BÜYÜKELÇİLER KRİZİ YENİ BÜYÜK KRİZLERİN HABERCİSİ

October 31, 2021
by Hüseyin Konuş, published on October 31, 2021
BÜYÜKELÇİLER KRİZİ YENİ BÜYÜK KRİZLERİN HABERCİSİ

Türkiye Erdoğan ve müttefiklerinin yönetiminde öyle bir hale geldi ki normalde 20-30 yılda yaşanacak krizler bir haftada yaşanır, bir krizi daha büyüğü unutturur hale geldi.
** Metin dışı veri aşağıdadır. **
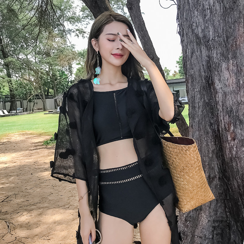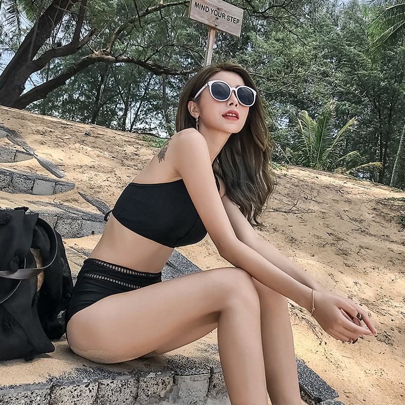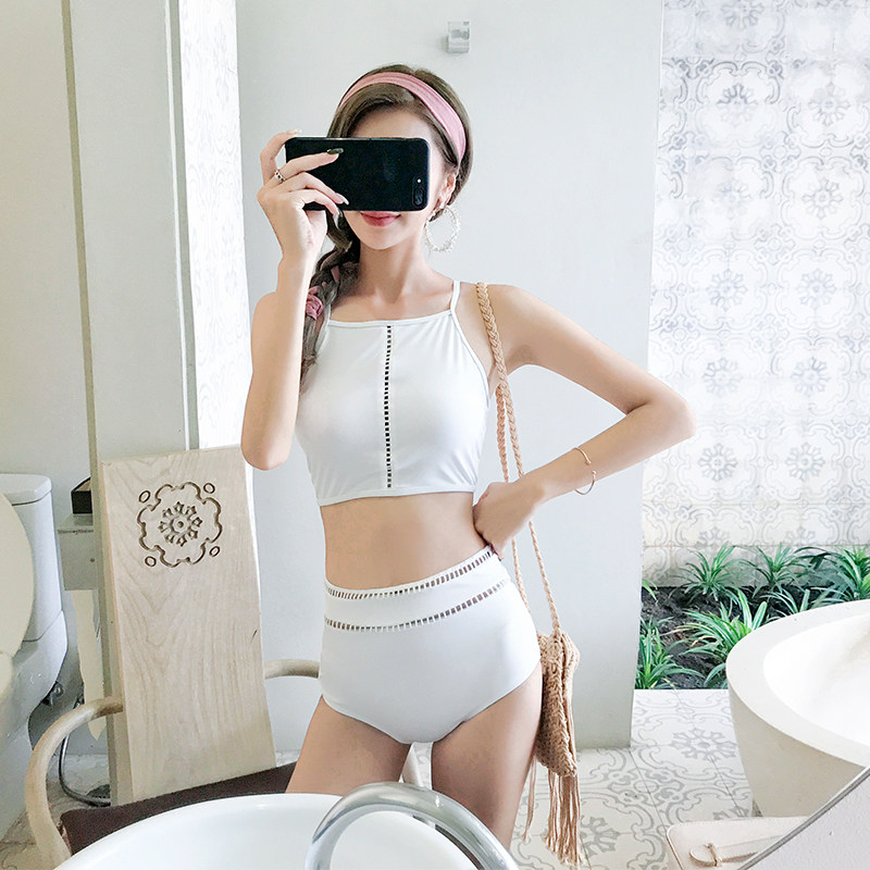 South Korea's small breasts gather bikini white Little Qing New conservative student cover-up, two three-piece swimsuit women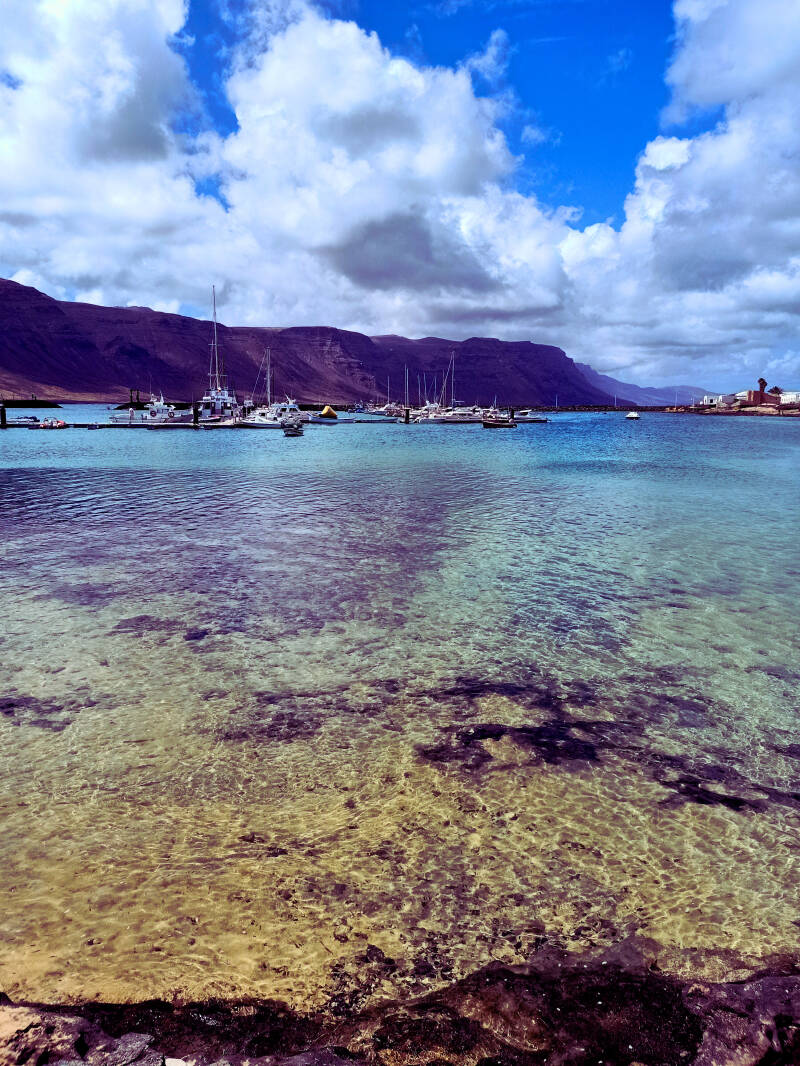 Para llegar, hay que coger un ferry en Órzola, Lanzarote, que dura aproximadamente 25-30 minutos.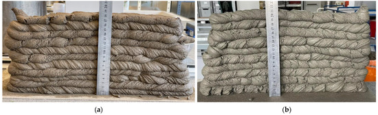 The buildability was tested according to the method stated in Section 3.4. of this paper. The approximate height of each following layer was 15 mm. The optimal buildability consistency and mixture proportions of SAP_35HFA and SAP are shown in Figure 13. The mixture C_C could be built, but the stability of structure was not as sufficient as for the other mixtures. As shown in Figure 14, the following layers are all combined with previous layers without showing any pores or caverns.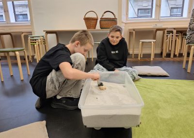 Zurück in die Vergangenheit. Die beiden dritten Klassen der Mittelschule St. Stefan ob Stainz reisen durch die Zeit. Genauer gesagt: Sie reisen im Grazer Joanneum durch die Erdgeschichte. Beginnend beim Urknall führt diese abenteuerliche Zeitreise durch die verschiedenen Erdzeitalter – über das Urmeer hin zur Gegenwart. Die SchülerInnen bekommen dabei eindrucksvoll demonstriert, wie sehr sich unser aller Heimatplanet im Laufe der Jahrmillionen zu verändern vermochte. Unglaubliche alte und hinsichtlich Dimension überaus imposante Fossilien konnten die SchülerInnen während der 90-minütigen Erlebnistour unter anderem begutachten. Während des Workshops griffen diese dann selbst zum Archäologen-Werkzeug, puddelten fleißig im Sand und brachten dank akribischer Ausgrabungsarbeit verschiedene Fossilien zum Vorschein. Es war dies freilich ein Museumsbesuch der etwas anderen, aber äußerst aufregenden Art. Die SchülerInnen waren allesamt begeistert – enormer Lerneffekt inklusive.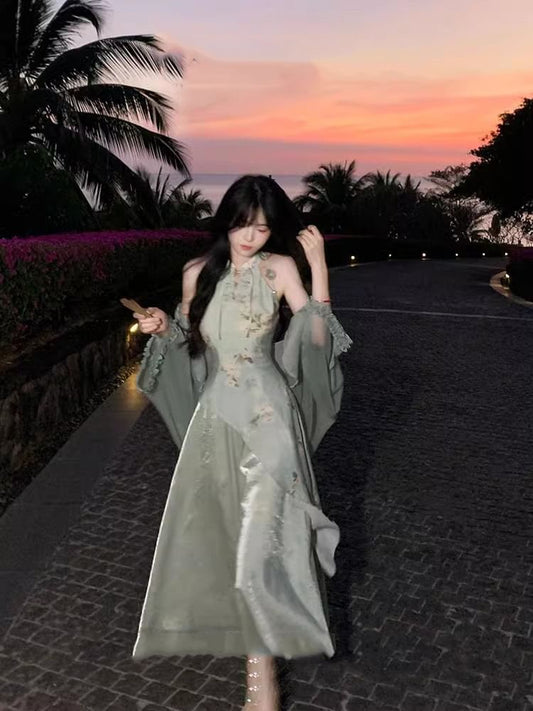 Halter-Neck Floral Print Midi A-Line Dress / Ruffled Jacket

Önceki hafta özetle şunlar yaşandı: TÜGVA ifşaatları, Türkiye’nin FATF Gri Liste’ye alınması, Merkez Bankası'nın faiz indirme kararı ile Dolar'ın 10 TL'ye dayanması, F-35’ler sonrası F-16 modernizasyonu için de ABD ile gerilim yaşanması, ABD Temyiz Mahkemesi’nin Halkbank’ın yargılanabileceği yönünde karar vermesi, Reza Zarrap’ın ortaya çıkışı.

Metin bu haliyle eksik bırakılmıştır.